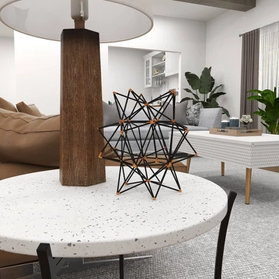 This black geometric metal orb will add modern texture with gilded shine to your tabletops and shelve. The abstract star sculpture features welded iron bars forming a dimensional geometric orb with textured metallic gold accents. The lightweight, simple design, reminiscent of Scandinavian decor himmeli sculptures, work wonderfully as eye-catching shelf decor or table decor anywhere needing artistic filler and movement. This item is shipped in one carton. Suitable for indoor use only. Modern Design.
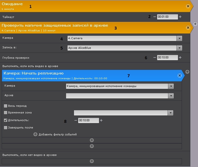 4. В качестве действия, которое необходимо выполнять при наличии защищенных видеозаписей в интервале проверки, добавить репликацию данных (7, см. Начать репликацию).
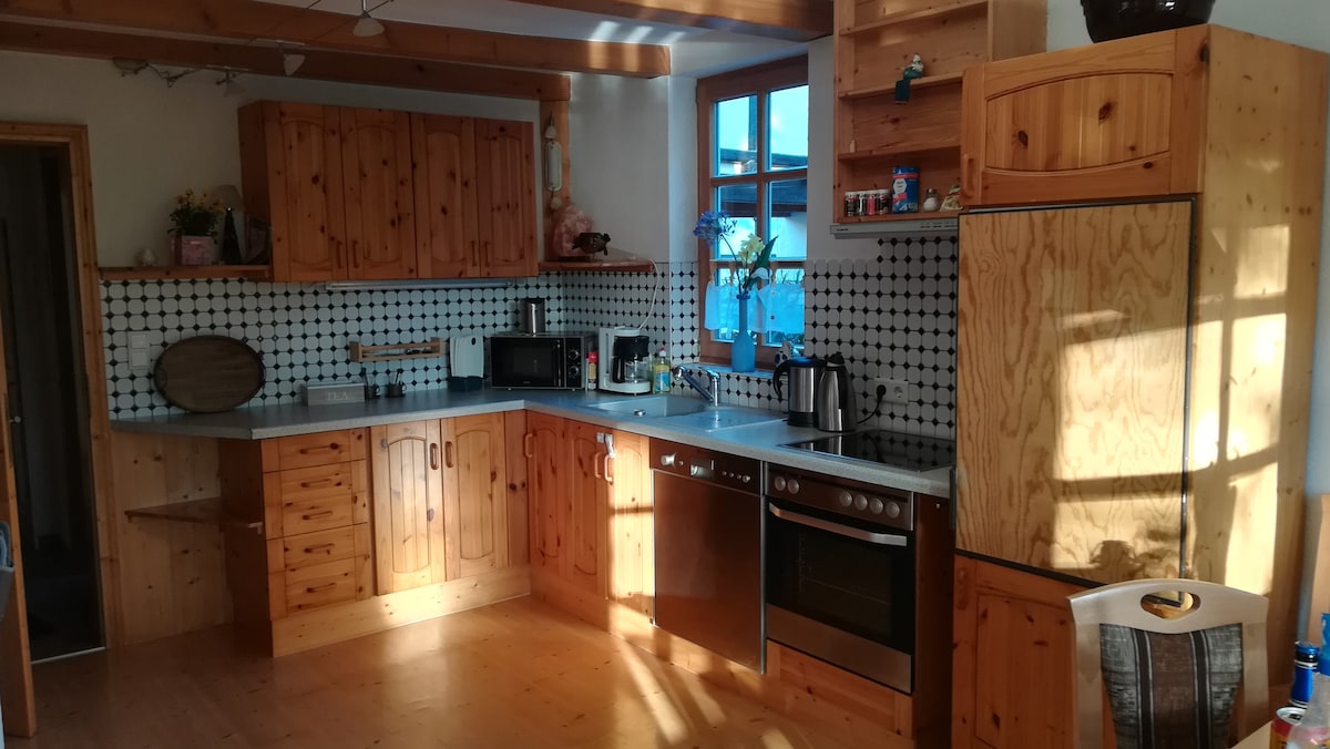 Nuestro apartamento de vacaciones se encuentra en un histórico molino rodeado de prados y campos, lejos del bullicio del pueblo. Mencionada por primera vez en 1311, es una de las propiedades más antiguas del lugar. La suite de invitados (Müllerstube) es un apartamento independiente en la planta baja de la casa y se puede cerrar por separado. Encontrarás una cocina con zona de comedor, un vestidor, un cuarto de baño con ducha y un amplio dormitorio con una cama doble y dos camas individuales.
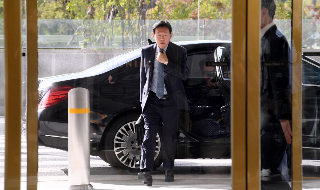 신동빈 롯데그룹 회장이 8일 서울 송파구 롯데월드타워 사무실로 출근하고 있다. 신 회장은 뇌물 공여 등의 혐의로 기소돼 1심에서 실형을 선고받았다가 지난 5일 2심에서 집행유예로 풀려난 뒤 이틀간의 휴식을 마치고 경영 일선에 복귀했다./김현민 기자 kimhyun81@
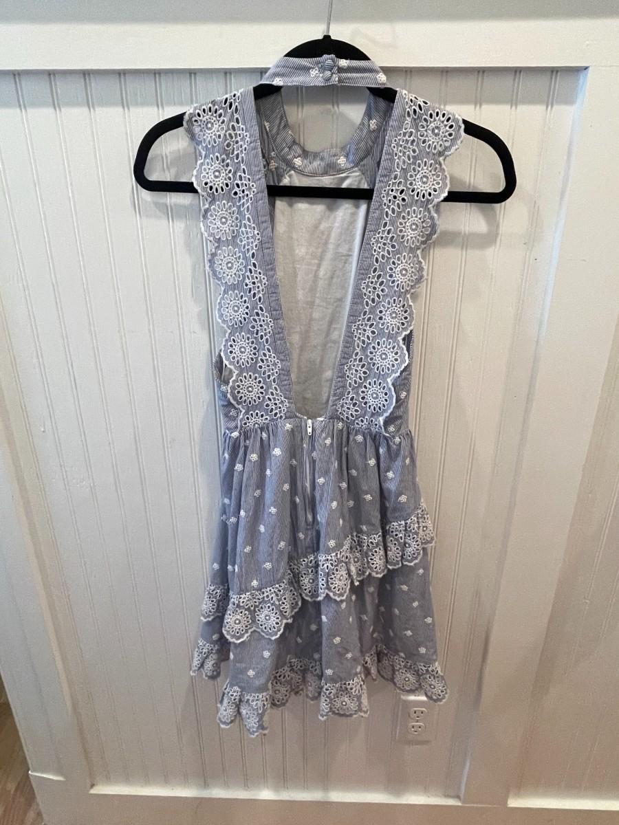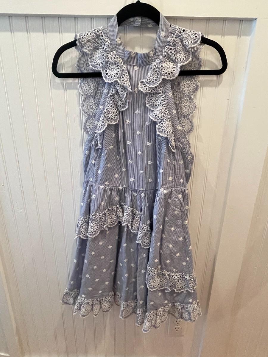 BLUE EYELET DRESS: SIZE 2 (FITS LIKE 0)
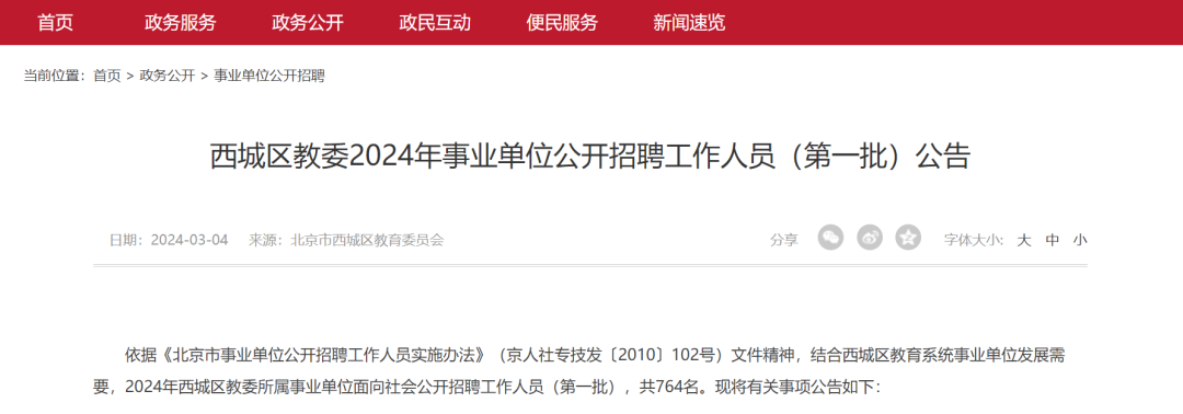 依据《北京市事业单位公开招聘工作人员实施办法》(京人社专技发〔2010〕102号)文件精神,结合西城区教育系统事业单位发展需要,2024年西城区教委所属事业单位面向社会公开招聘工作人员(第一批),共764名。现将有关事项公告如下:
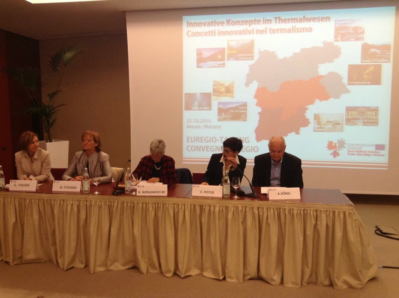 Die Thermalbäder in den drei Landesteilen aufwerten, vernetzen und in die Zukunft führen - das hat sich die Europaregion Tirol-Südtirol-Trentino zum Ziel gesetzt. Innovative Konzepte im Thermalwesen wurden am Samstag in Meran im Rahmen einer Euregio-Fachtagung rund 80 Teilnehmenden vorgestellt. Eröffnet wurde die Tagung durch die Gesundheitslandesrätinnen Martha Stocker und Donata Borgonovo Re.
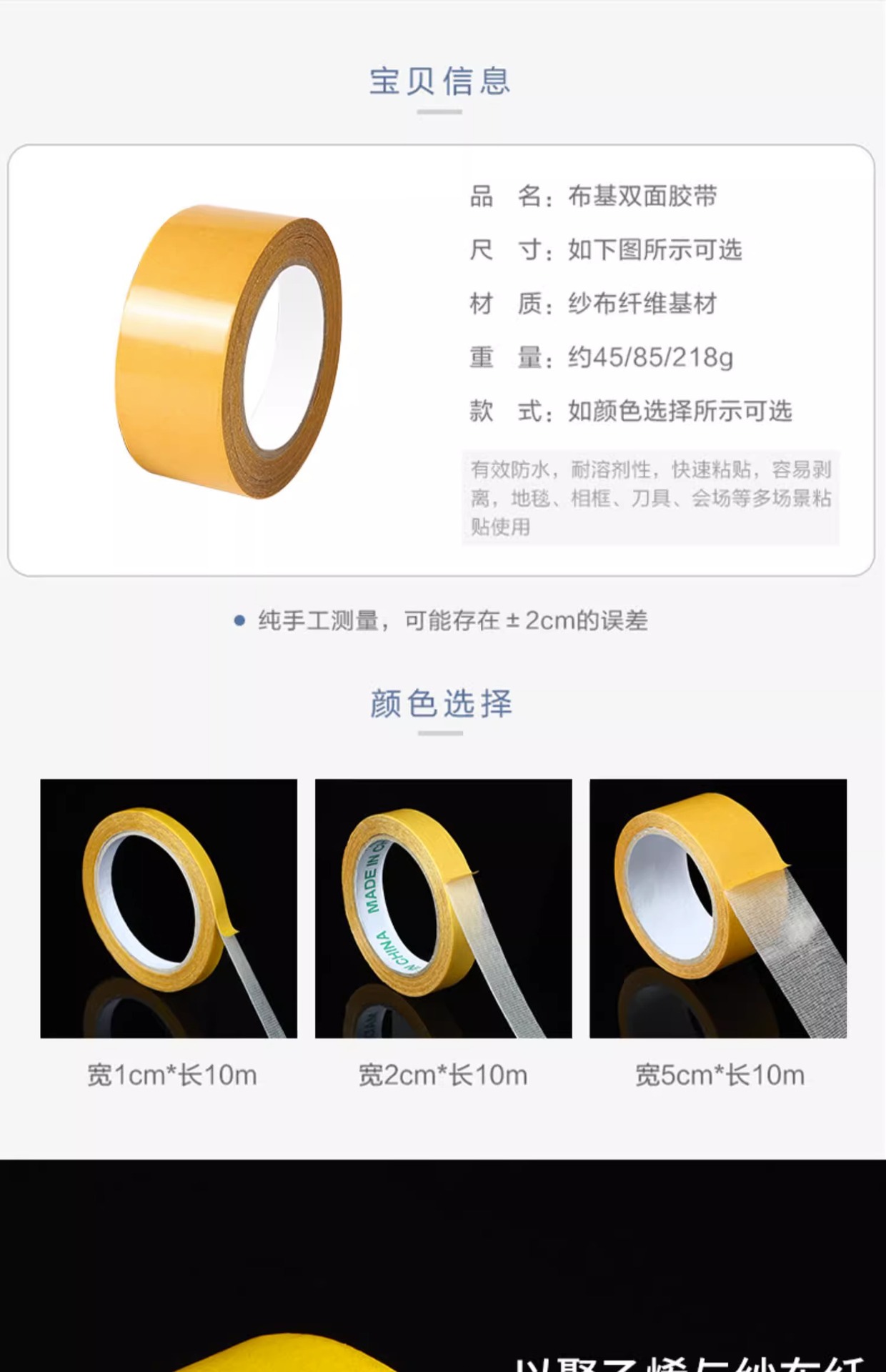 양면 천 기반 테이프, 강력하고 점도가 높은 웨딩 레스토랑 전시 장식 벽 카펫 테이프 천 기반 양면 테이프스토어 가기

◇ ◇ ◇ ◇ ◇

Action item:
The material above is to be set down exactly, with pictures removed.

Answer:
 This black geometric metal orb will add modern texture with gilded shine to your tabletops and shelve. The abstract star sculpture features welded iron bars forming a dimensional geometric orb with textured metallic gold accents. The lightweight, simple design, reminiscent of Scandinavian decor himmeli sculptures, work wonderfully as eye-catching shelf decor or table decor anywhere needing artistic filler and movement. This item is shipped in one carton. Suitable for indoor use only. Modern Design.
 4. В качестве действия, которое необходимо выполнять при наличии защищенных видеозаписей в интервале проверки, добавить репликацию данных (7, см. Начать репликацию).
 Nuestro apartamento de vacaciones se encuentra en un histórico molino rodeado de prados y campos, lejos del bullicio del pueblo. Mencionada por primera vez en 1311, es una de las propiedades más antiguas del lugar. La suite de invitados (Müllerstube) es un apartamento independiente en la planta baja de la casa y se puede cerrar por separado. Encontrarás una cocina con zona de comedor, un vestidor, un cuarto de baño con ducha y un amplio dormitorio con una cama doble y dos camas individuales.
 신동빈 롯데그룹 회장이 8일 서울 송파구 롯데월드타워 사무실로 출근하고 있다. 신 회장은 뇌물 공여 등의 혐의로 기소돼 1심에서 실형을 선고받았다가 지난 5일 2심에서 집행유예로 풀려난 뒤 이틀간의 휴식을 마치고 경영 일선에 복귀했다./김현민 기자 kimhyun81@
 BLUE EYELET DRESS: SIZE 2 (FITS LIKE 0)
 依据《北京市事业单位公开招聘工作人员实施办法》(京人社专技发〔2010〕102号)文件精神,结合西城区教育系统事业单位发展需要,2024年西城区教委所属事业单位面向社会公开招聘工作人员(第一批),共764名。现将有关事项公告如下:
 Die Thermalbäder in den drei Landesteilen aufwerten, vernetzen und in die Zukunft führen - das hat sich die Europaregion Tirol-Südtirol-Trentino zum Ziel gesetzt. Innovative Konzepte im Thermalwesen wurden am Samstag in Meran im Rahmen einer Euregio-Fachtagung rund 80 Teilnehmenden vorgestellt. Eröffnet wurde die Tagung durch die Gesundheitslandesrätinnen Martha Stocker und Donata Borgonovo Re.
 양면 천 기반 테이프, 강력하고 점도가 높은 웨딩 레스토랑 전시 장식 벽 카펫 테이프 천 기반 양면 테이프스토어 가기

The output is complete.